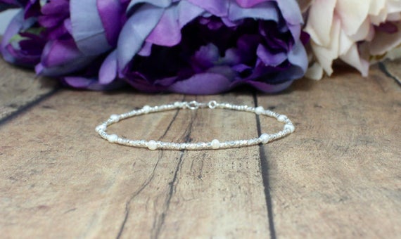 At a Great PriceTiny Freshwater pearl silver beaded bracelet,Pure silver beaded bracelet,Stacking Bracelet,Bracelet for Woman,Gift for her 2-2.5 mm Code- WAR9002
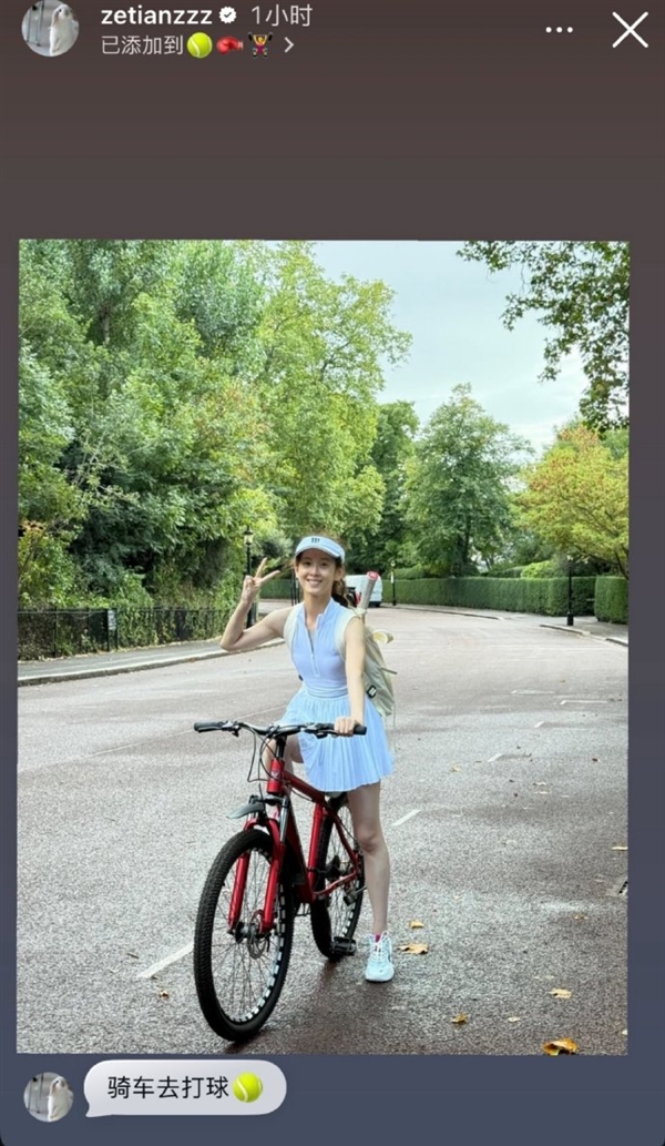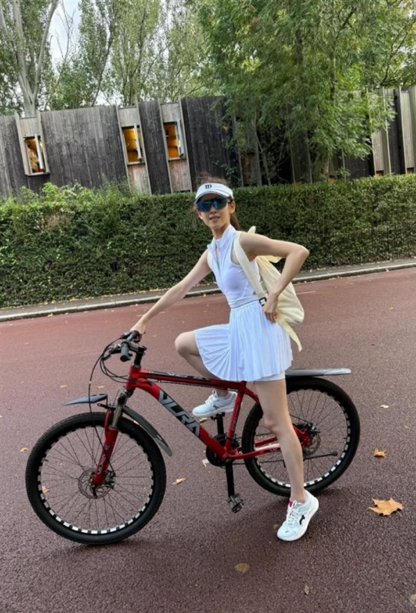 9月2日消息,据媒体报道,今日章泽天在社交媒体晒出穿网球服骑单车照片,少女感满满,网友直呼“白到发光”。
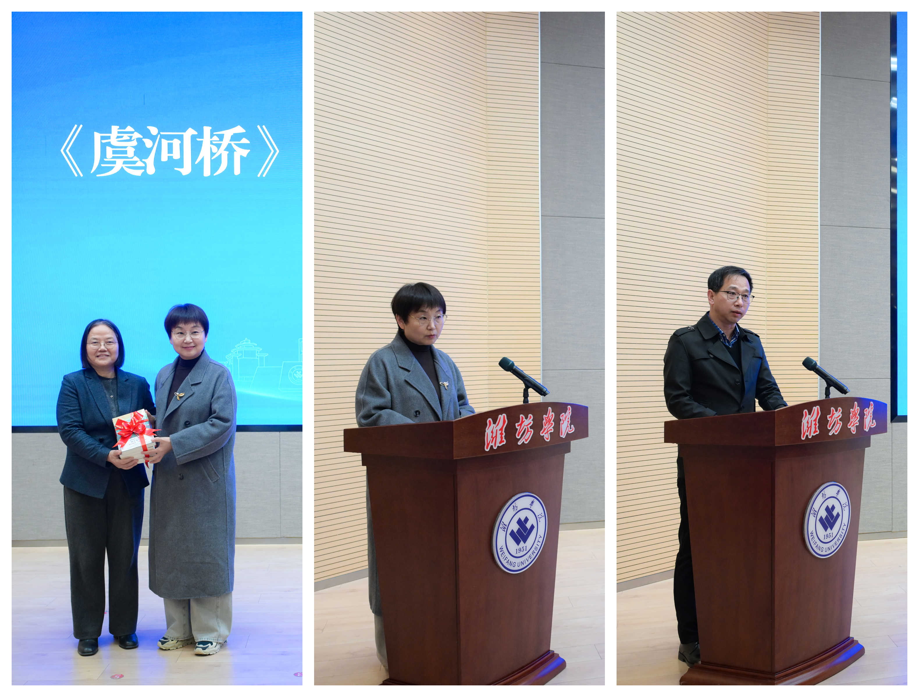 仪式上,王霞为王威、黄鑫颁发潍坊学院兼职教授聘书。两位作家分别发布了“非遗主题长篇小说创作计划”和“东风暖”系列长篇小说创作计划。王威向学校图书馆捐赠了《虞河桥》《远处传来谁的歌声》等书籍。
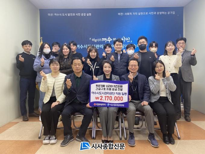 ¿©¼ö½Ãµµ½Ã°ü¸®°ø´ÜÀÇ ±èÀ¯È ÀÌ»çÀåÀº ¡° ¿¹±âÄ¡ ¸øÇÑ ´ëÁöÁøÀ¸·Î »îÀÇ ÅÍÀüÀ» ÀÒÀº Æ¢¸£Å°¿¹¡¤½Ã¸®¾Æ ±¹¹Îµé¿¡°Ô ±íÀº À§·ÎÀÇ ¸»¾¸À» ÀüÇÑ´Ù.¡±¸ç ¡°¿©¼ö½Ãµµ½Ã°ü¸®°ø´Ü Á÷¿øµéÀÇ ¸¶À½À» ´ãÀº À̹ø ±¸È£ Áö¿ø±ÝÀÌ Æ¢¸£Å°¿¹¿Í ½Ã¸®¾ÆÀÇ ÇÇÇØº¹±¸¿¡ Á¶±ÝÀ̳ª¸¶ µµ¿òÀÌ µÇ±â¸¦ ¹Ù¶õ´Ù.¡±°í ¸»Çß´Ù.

● ● ● ●

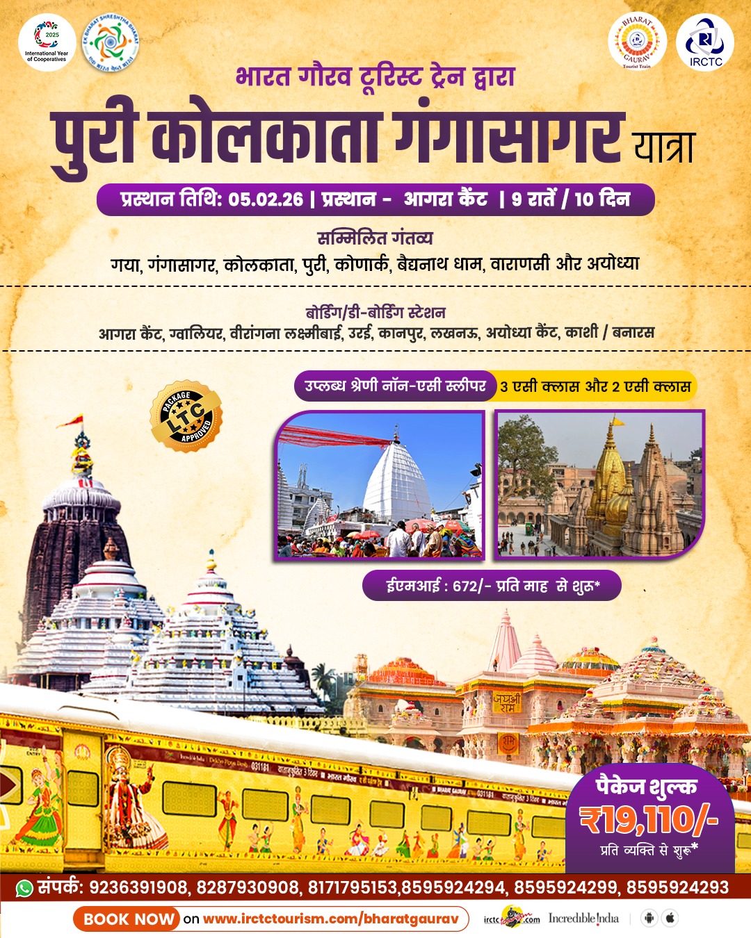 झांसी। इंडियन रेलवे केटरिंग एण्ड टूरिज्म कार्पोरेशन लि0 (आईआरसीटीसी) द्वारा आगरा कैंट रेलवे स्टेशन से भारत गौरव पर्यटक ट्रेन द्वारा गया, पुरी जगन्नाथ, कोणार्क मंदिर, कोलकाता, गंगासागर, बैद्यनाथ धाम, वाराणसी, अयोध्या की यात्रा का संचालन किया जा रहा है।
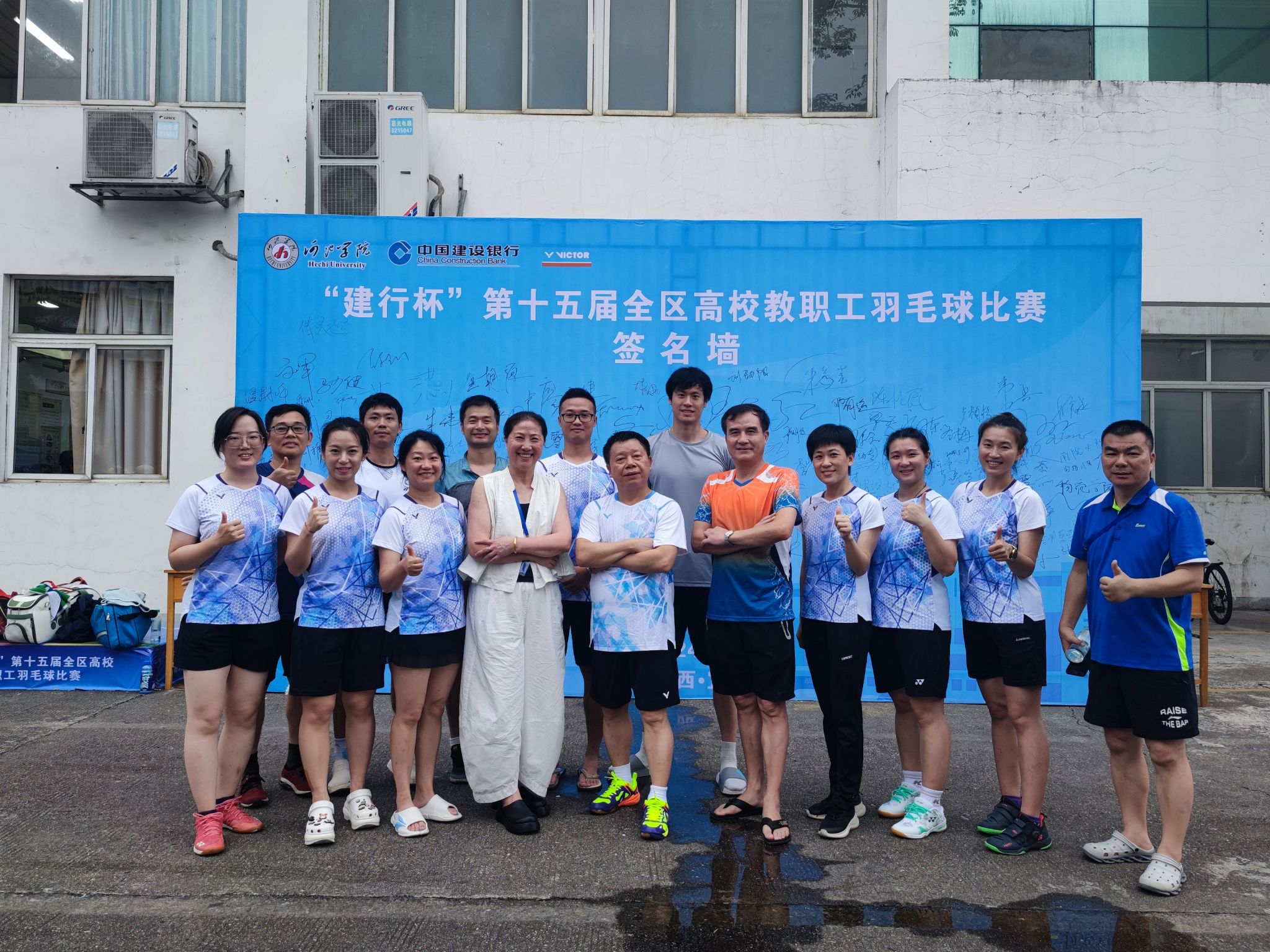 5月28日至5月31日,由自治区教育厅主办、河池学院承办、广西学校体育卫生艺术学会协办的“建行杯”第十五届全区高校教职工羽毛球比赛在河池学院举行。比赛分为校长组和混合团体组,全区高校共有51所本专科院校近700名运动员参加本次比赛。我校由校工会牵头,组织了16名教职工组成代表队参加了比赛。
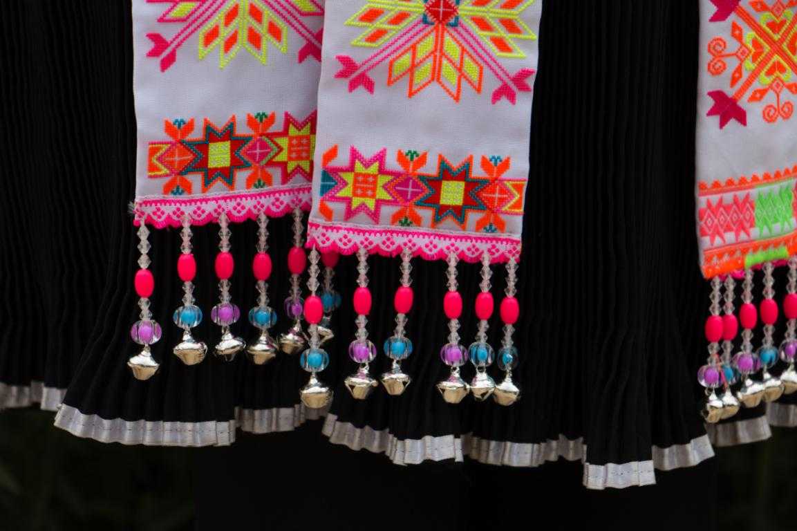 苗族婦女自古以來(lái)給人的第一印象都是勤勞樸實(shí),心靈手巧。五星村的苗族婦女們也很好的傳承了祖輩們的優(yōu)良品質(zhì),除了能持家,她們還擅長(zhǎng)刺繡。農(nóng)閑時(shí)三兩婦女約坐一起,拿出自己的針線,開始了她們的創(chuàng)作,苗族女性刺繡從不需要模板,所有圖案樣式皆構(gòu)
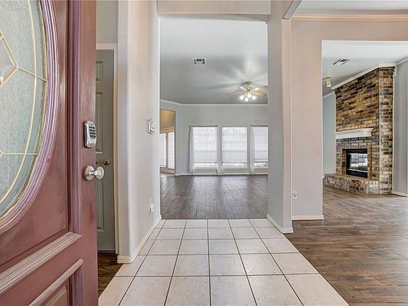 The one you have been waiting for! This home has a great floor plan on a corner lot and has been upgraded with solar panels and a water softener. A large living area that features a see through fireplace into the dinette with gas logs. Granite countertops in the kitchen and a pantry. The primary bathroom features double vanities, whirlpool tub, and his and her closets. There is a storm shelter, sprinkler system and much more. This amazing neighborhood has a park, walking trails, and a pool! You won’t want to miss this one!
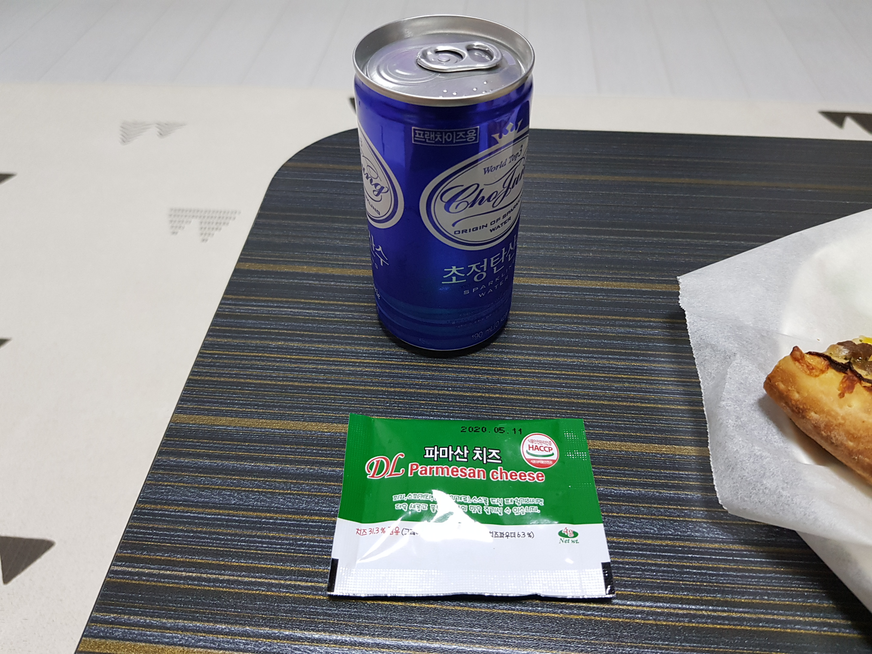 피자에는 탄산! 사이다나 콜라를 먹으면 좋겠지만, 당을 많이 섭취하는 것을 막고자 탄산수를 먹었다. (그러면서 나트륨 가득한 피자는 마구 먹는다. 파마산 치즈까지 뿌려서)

● ● ● ●

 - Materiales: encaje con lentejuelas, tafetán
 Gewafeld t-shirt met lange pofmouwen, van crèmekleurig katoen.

● ● ● ●

EXERCISE INSTRUCTIONS
For this exercise, output exactly the lines above from the line with "- Materiales: encaje" to the line with "Gewafeld t-shirt met", counting both, and leave out the rest.

FINAL ANSWER
 - Materiales: encaje con lentejuelas, tafetán
 Gewafeld t-shirt met lange pofmouwen, van crèmekleurig katoen.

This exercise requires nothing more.